Over her nearly 40-year medical career, Dr. Mary Horder delivered, by her estimate, 10,000 babies, the majority of them at Gwinnett County’s Eastside Hospital, and in the process she kissed each newborn on the forehead.
For the past decade, she continued delivering and kissing babies, but in this case as a OB-GYN volunteer at a remote Rwandan village in central Africa.
Dr. Norman Freid of Snellville, her former partner in Gwinnett OB-GYN Associates, called Horder “tops in her field, an excellent practitioner and compassionate caregiver.”
He credited Horder with introducing obstetric ultrasound examinations to the Atlanta area during the early 1980s. “Mary had studied the procedure earlier while on a fellowship at a hospital in England,” he said. “I can’t begin to tell you how many babies’ lives ultrasound exams have saved.”
Dr. Lynn Campbell said Horder became her mentor when she joined Gwinnett OB-GYN in 1990. “Mary was incredibly generous in sharing her expertise with me. She was respected by her peers and truly loved by her patients.
“Long after she retired, her former patients would ask me about her. They felt connected to her because she was such an empathetic caregiver. They would speak nostalgically of their deliveries, surgeries and life crises through which she guided them. She is remembered with gratitude as having saved the lives of many of them, their children or their grandchildren,” Campbell said.
Dr. Mary H. Horder, 68, of Atlanta died May 30 at Eastside Hospital of pancreatic cancer. Her memorial service is 3 p.m. Tuesday at St. Bede’s Episcopal Church. Tom M. Wages Funeral Service, Snellville Chapel, is in charge of arrangements.
Clare Richardson of Atlanta, who is president of Dian Fossey Gorilla Fund International, said she introduced Horder to Rwanda 11 years ago. She said Horder took an immediate fancy to a village, Bisate, where the Gorilla Fund operates a patrol post and supports a school and a health clinic.
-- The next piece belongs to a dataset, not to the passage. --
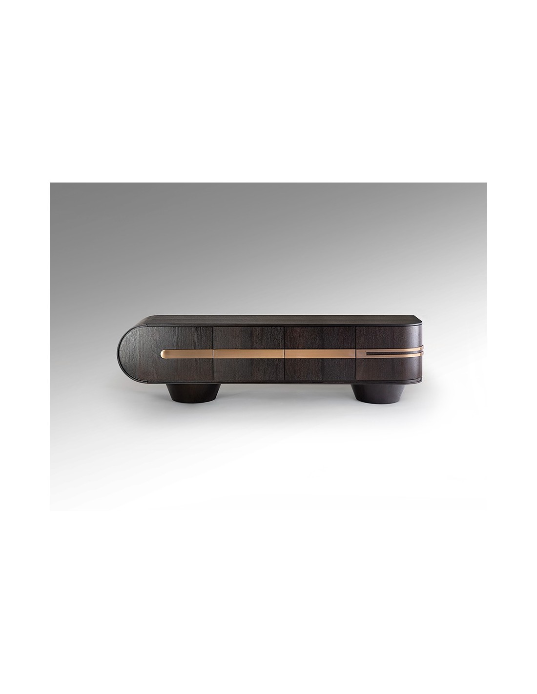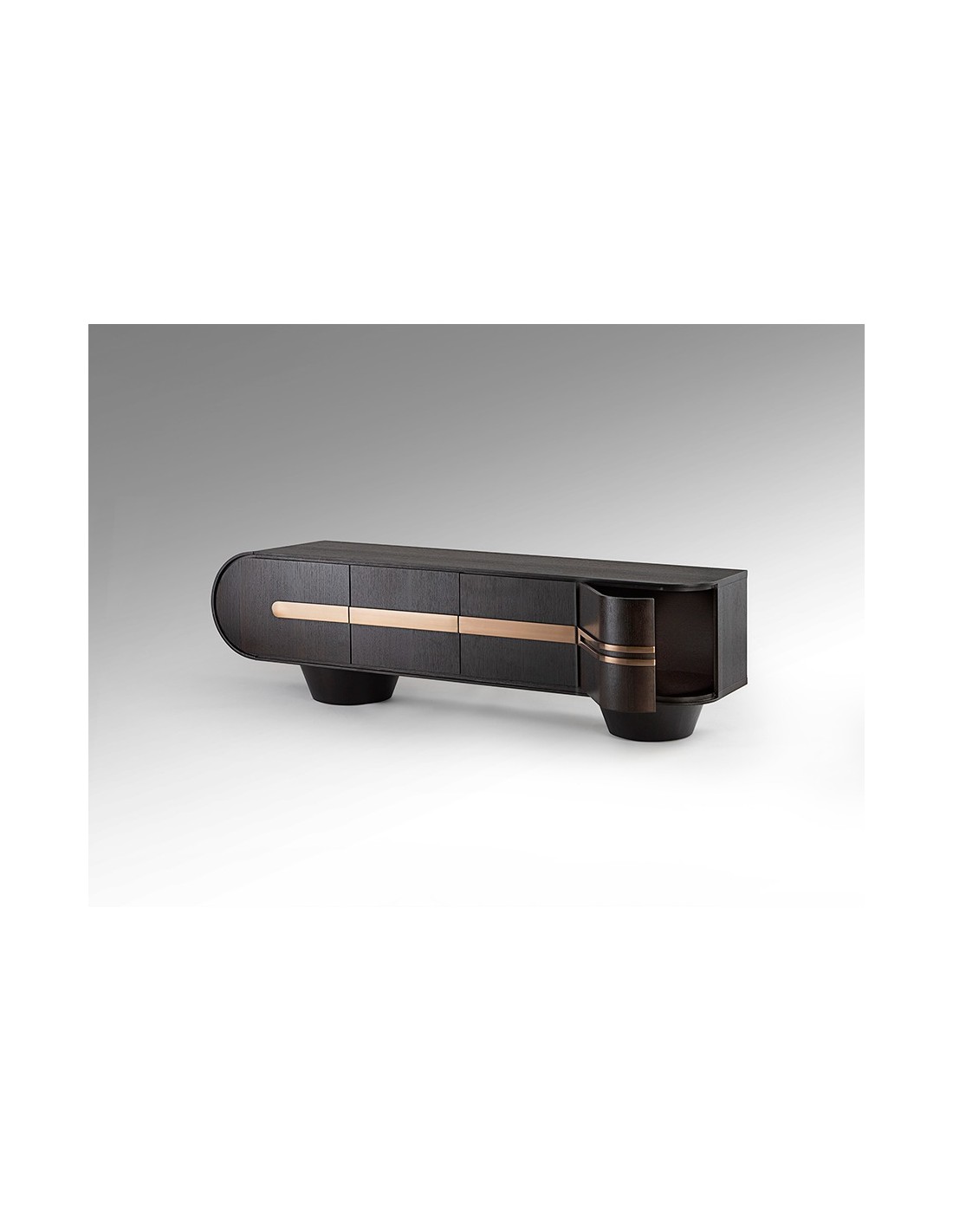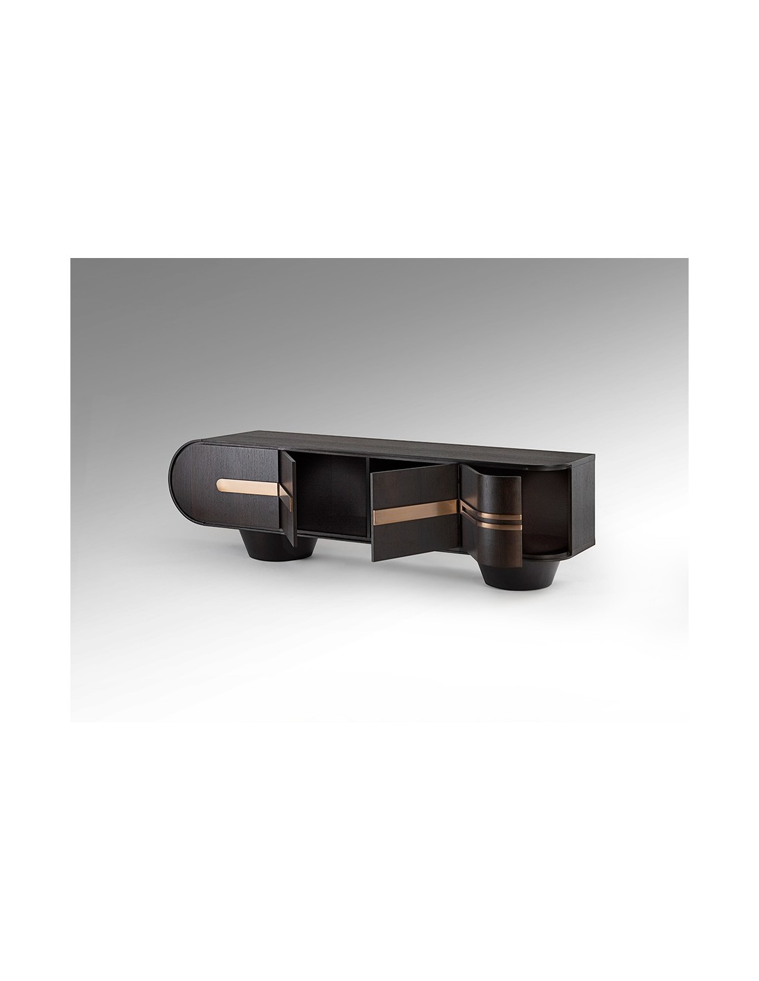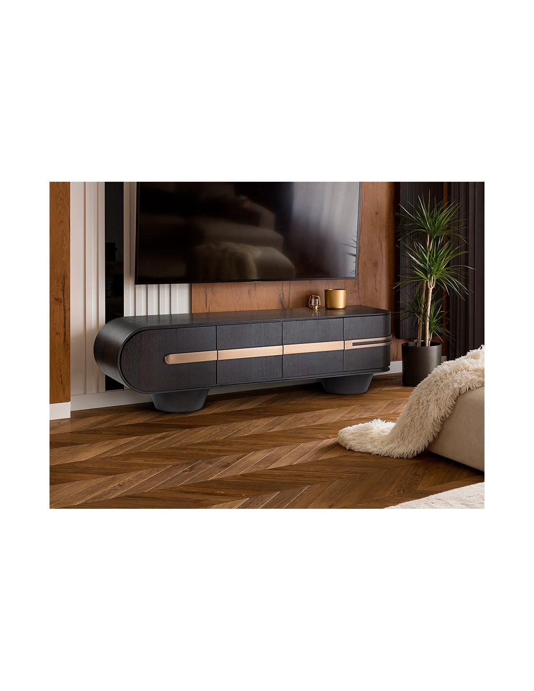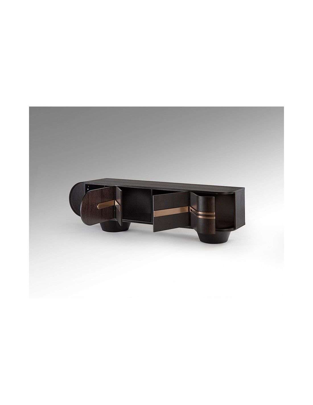 Móvel de TV 4 portas LUCA em carvalho escuro e aço ouro rosa

Richardson said the clinic was in poor condition in 2003, and Horder in 10 subsequent visits helped to make improvements. In addition to delivering villagers’ babies, she schooled clinic workers in the best methods of patient care.
“Mary had that rare ability to connect with people even when she didn’t speak their language,” Richardson said. “Mary would fashion diagrams or drawings to illustrate her ideas. That plus her upbeat personality got her message across.”
Richardson said the health of the villagers has a direct bearing on the core objective of her organization – saving the gorillas.
“Both villagers and gorillas nearby tend to contract the same parasitic infections,” she said, “but gorillas suffer worse consequences. So the more we can control parasitic diseases among humans, the better off the gorillas will be.”
Horder’s onetime partner Campbell said Horder was endlessly surprising.
“Mary took up weaving, gourmet cooking, cultivating African violets, collecting antique medical texts — a myriad of esoteric interests that mirrored the intricacies of her amazing mind.
“She encouraged her friends to see the world as malleable and themselves as its molders,” Campbell continued. “She challenged us to make the world a better place but in such a kind way that you felt galvanized rather than coerced. She was the kind of friend you find once in a lifetime.”
Horder is survived by her husband of 41 years, Rick Horder; two daughters, Alexis Horder of Atlanta and Kimberly Craig of Cumming; a sister, Helen Loeb of Tucker; three brothers, Arthur Haecker of Atlanta, Charles Haecker of Cerrillos, N.M., and Harry Haecker of Dunedin, New Zealand, and five grandchildren.